OfflineLLM 5: Local AI Gets a Lot More Useful With MCP and Agents

Bilaal Rashid

07 June 2026

When people talk about local AI, the conversation usually revolves around privacy.

That’s understandable. Running an AI model on your own device means your chats, files, and prompts stay under your control. Nothing needs to be sent to a cloud server.

But privacy alone isn’t enough.

The biggest advantage of cloud AI services has never been the models themselves. It’s everything around them. They can search the web, access your calendar, interact with your tools, and automate tasks.

Local AI has traditionally been isolated.

With OfflineLLM 5, we’re closing that gap.

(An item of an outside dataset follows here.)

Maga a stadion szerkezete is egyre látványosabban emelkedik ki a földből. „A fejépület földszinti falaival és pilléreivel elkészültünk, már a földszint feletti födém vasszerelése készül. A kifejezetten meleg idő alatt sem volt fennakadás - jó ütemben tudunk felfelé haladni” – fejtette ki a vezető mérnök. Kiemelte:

Today we’re releasing the biggest update in OfflineLLM’s history, introducing Model Context Protocol (MCP) support, new chat personalities, and significant performance improvements across our custom Apple Silicon execution engine.

MCP Support

The headline feature in OfflineLLM 5 is support for Model Context Protocol, better known as MCP.

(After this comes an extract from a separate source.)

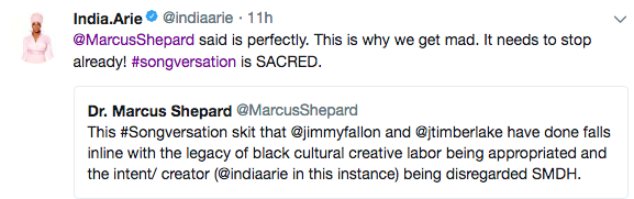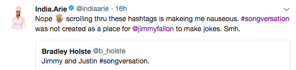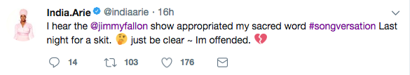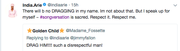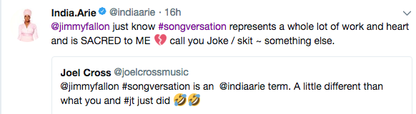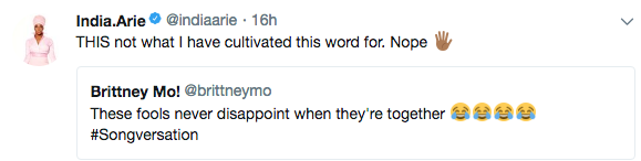 Apparently, India Arie, caught wind of the skit and found it highly offensive, as two of her album’s are titled ‘Songversation’. She accused the pair of not respecting her work. See her tweets below.

If you’ve been following the AI space recently, you’ve probably seen MCP becoming the standard way for AI models to connect to external tools and services.

In practical terms, MCP allows your local AI assistant to do much more than answer questions.

You can connect OfflineLLM to services such as:

GitHub
Zapier
Atlassian
Calendar
Reminders
Apple Music
Web Search
And any others that you choose to bring along

Instead of being limited to the information already inside a conversation, your AI assistant can interact with the tools you use every day.

The result is something that feels less like a chatbot and more like an assistant.

From Chatbot to AI Agent

One of the most interesting things about MCP is that it changes what local AI can actually do.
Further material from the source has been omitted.